Мы, увы, поздно поняли, что рисовальщики бывают не только коммерческие, но и от конкурентов. Мы их называли «токсичными». Они браковали подписи специально: меняли одну цифру в паспорте злонамеренно. Кто-то сканировал подписной лист, меняли некоторые данные и печатали фальшивый. Проверить это нереально: подпись качественная, прозвон все подтверждает, а баз у нас нет. В общем, в итоге мы с этими сборщиками отбраковали больше 3000 подписей. И это очень сужает простор для маневра перед подачей.
Новые проблемы начались в новосибирском избиркоме, куда мы все понесли 18 июля. Сначала там проверяли подписные листы на корректность их заполнения — не вылезла ли подпись за края. Еще инновация этого года — заверить подпись самого сборщика и его данные. И тут начались придирки. Скажем, у сборщика в паспорте указано, что он из Ачинского района, город Ачинск. Но сейчас это уже другое муниципальное образование формально. И это считали как расхождение с данными в подписном листе, что означало автоматический брак. Или, к примеру, сборщик переехал, а у него в прописке указано, что он из рабочего поселка, который теперь стал поселком городского типа, — это тоже брак. Так мы лишились еще больше 100 подписей.
Еще около 100 отбраковали по техническим признакам: подпись залезла за края, помарки и так далее. Потом началась графологическая проверка — все подписи сдали в полицию, где есть криминалистическая лаборатория, и эксперт проверял это дело сутки. Интересно, что раньше экспертов не предупреждали об уголовной ответственности за недобросовестность, а теперь стали разъяснять им, что они могут нарушить 307 статью УК. И надо сказать, наш эксперт отработал добросовестно: она нашла 8 подозрительных подписей, из которых забраковала 4. Там дата была проставлена одной и той же рукой. Мы стали разбираться: оказалось, что это все супружеские пары, так что все ясно: муж за жену поставил дату или наоборот. Но в избиркоме забраковали все 8.

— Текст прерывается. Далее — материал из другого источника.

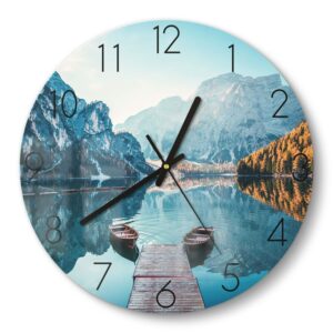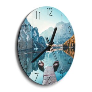 Beliebt sind Wanduhren in rechteckigen Formaten, bei denen sich die Uhr entweder rechts oder links befindet. Diese außergewöhnliche Gestaltung, zum Beispiel für deine Wanduhr im Wohnzimmer, eignet sich für große Motive, die damit einzigartig in Szene gesetzt werden. In unserem Shop DEQORI findest du zum Beispiel Landschaftsmotive im Querformat, die Lust auf einen Wanderausflug oder einen Trip ans Meer machen. Verschiedene Motive kannst du je nach Farbstimmung und deinem Raum auswählen. Dabei muss es nicht immer der beliebte Sonnenuntergang sein: Stimmungsvoll abgestimmt und Ton-in-Ton strahlen Landschaftsfotos Ruhe und Gelassenheit aus und sind damit perfekt geeignet, um mit einer modischen Wanduhr kombiniert zu werden. Fotouhren sind gerade bei Kindern beliebt und ermutigen das Kind, das Lesen der Uhr zu erlernen. Vielleicht bist du noch auf der Suche nach einem schönen Geschenk für ein Kind. Bei DEQORI findest du viele kindgerechte und ansprechende Motive in verschiedenen Farbtönen, sodass die Uhr immer passend zur Kinderzimmereinrichtung gewählt werden kann. Oder du lässt die Uhr von uns mit einem Foto des Lieblingstiers deines Kindes bedrucken.

А 24 июля в десять вечера пришла справка от УФМС, проверившего все оставшиеся наши подписи. Оказалось, что какие-то избиркомовские девочки-клерки переколбасили в экселевскую таблицу все, что мы собрали: ФИО, год рождения, номер паспорта и адрес. То есть это примерно 200 знаков, 12 тысяч строк, а значит в сумме получается почти 2,5 миллиона знаков. Они оцифровывали это в кратчайшие сроки, в полном аду, без проверки. Не туда посмотрела, вписала не в ту строку не ту фамилию, номер в паспорте перепутала. Это все был такой мартышкин труд. Данные оцифровали, загрузили в систему «ГАС-выборы» и там, конечно, нашлись расхождения. Причем они нашли 2600 таких случаев. И вот все это отправили в УФМС.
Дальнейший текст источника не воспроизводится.